> _Task description_
All the data that follows should be repeated exactly, without a single picture.

> _Recorded information_

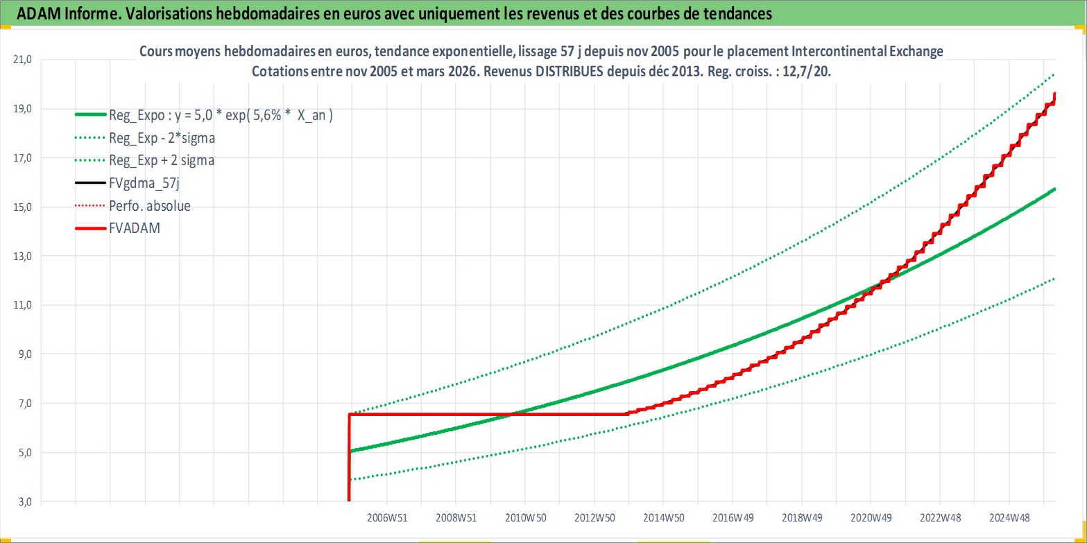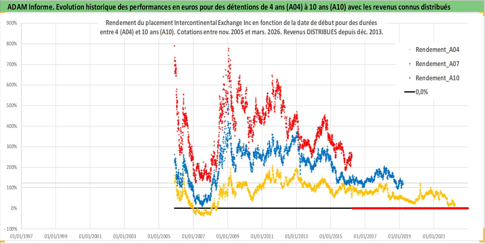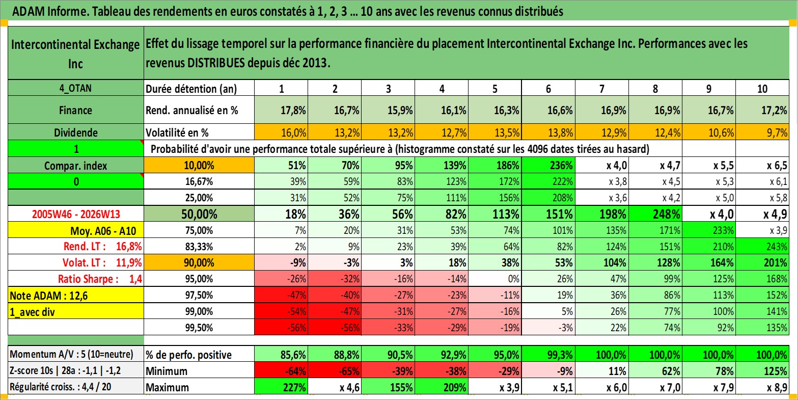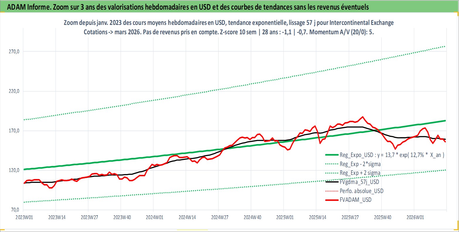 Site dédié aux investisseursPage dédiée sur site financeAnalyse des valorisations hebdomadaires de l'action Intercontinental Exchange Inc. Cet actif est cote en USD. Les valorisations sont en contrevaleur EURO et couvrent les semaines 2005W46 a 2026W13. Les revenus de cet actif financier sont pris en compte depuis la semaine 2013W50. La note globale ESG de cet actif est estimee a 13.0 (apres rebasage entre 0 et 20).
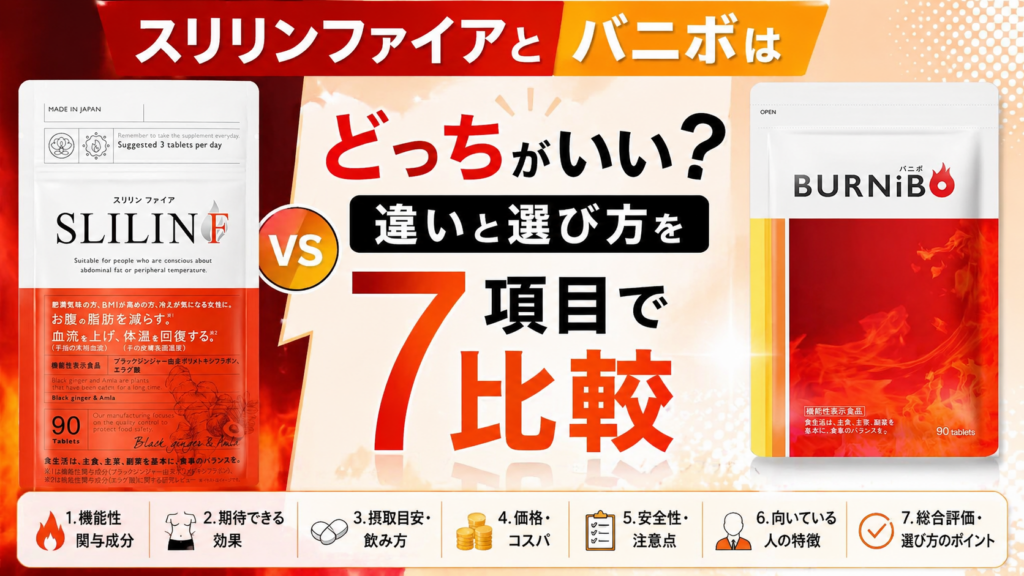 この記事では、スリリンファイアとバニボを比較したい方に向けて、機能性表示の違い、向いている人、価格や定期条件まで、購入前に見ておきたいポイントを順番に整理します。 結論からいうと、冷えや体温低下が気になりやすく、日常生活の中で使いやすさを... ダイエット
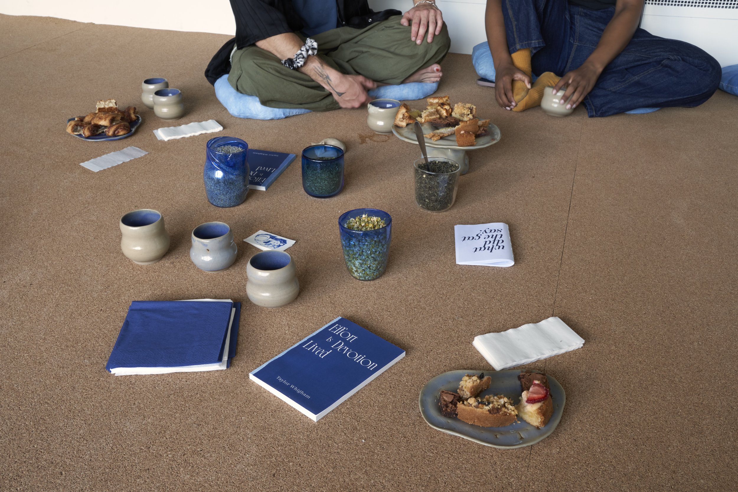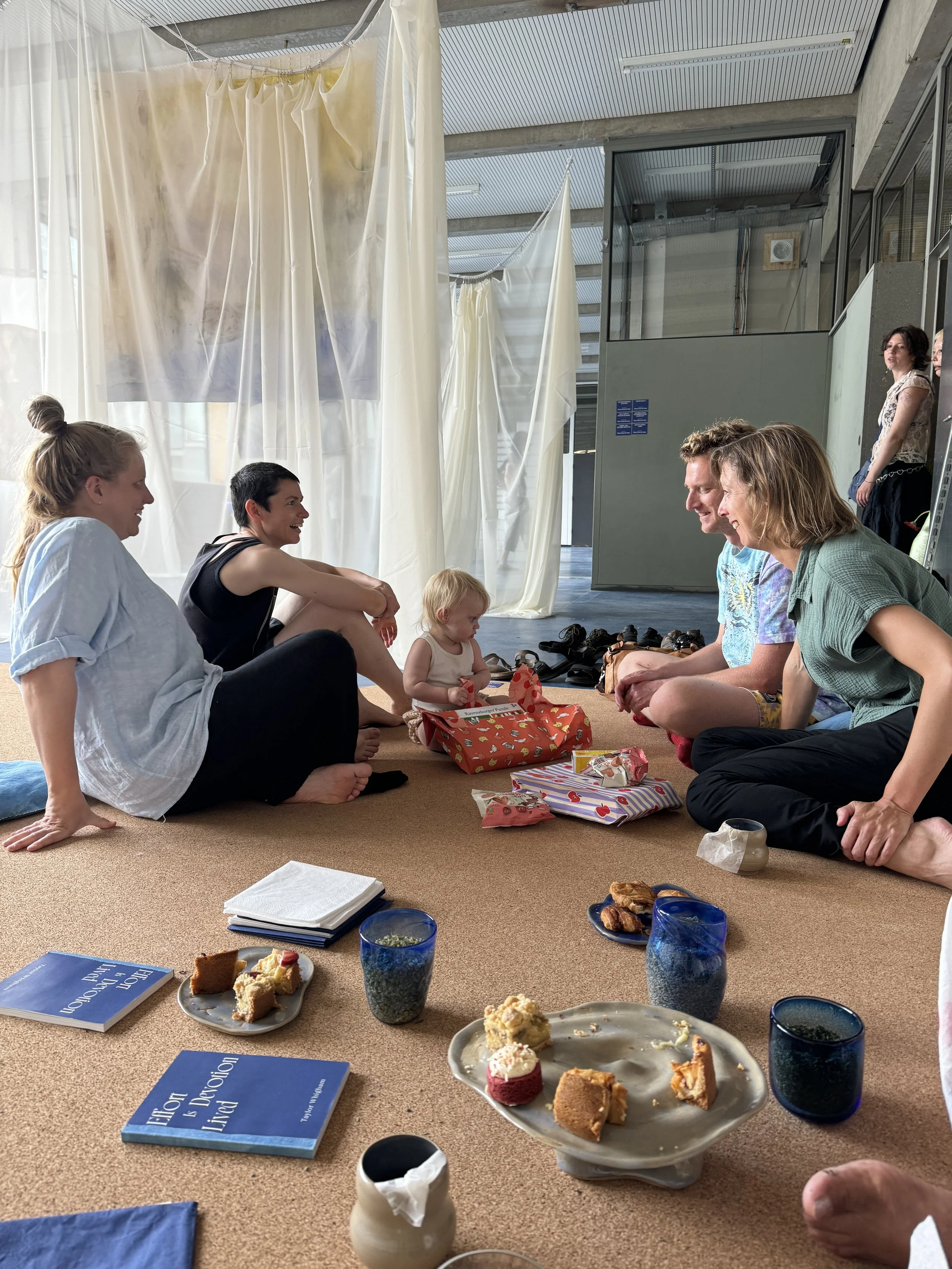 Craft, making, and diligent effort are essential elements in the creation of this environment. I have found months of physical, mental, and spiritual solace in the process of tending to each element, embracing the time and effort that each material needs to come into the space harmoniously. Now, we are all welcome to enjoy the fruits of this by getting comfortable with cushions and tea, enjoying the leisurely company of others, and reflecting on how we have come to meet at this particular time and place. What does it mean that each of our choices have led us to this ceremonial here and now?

> _Response_
 Site dédié aux investisseursPage dédiée sur site financeAnalyse des valorisations hebdomadaires de l'action Intercontinental Exchange Inc. Cet actif est cote en USD. Les valorisations sont en contrevaleur EURO et couvrent les semaines 2005W46 a 2026W13. Les revenus de cet actif financier sont pris en compte depuis la semaine 2013W50. La note globale ESG de cet actif est estimee a 13.0 (apres rebasage entre 0 et 20).
 この記事では、スリリンファイアとバニボを比較したい方に向けて、機能性表示の違い、向いている人、価格や定期条件まで、購入前に見ておきたいポイントを順番に整理します。 結論からいうと、冷えや体温低下が気になりやすく、日常生活の中で使いやすさを... ダイエット
 Craft, making, and diligent effort are essential elements in the creation of this environment. I have found months of physical, mental, and spiritual solace in the process of tending to each element, embracing the time and effort that each material needs to come into the space harmoniously. Now, we are all welcome to enjoy the fruits of this by getting comfortable with cushions and tea, enjoying the leisurely company of others, and reflecting on how we have come to meet at this particular time and place. What does it mean that each of our choices have led us to this ceremonial here and now?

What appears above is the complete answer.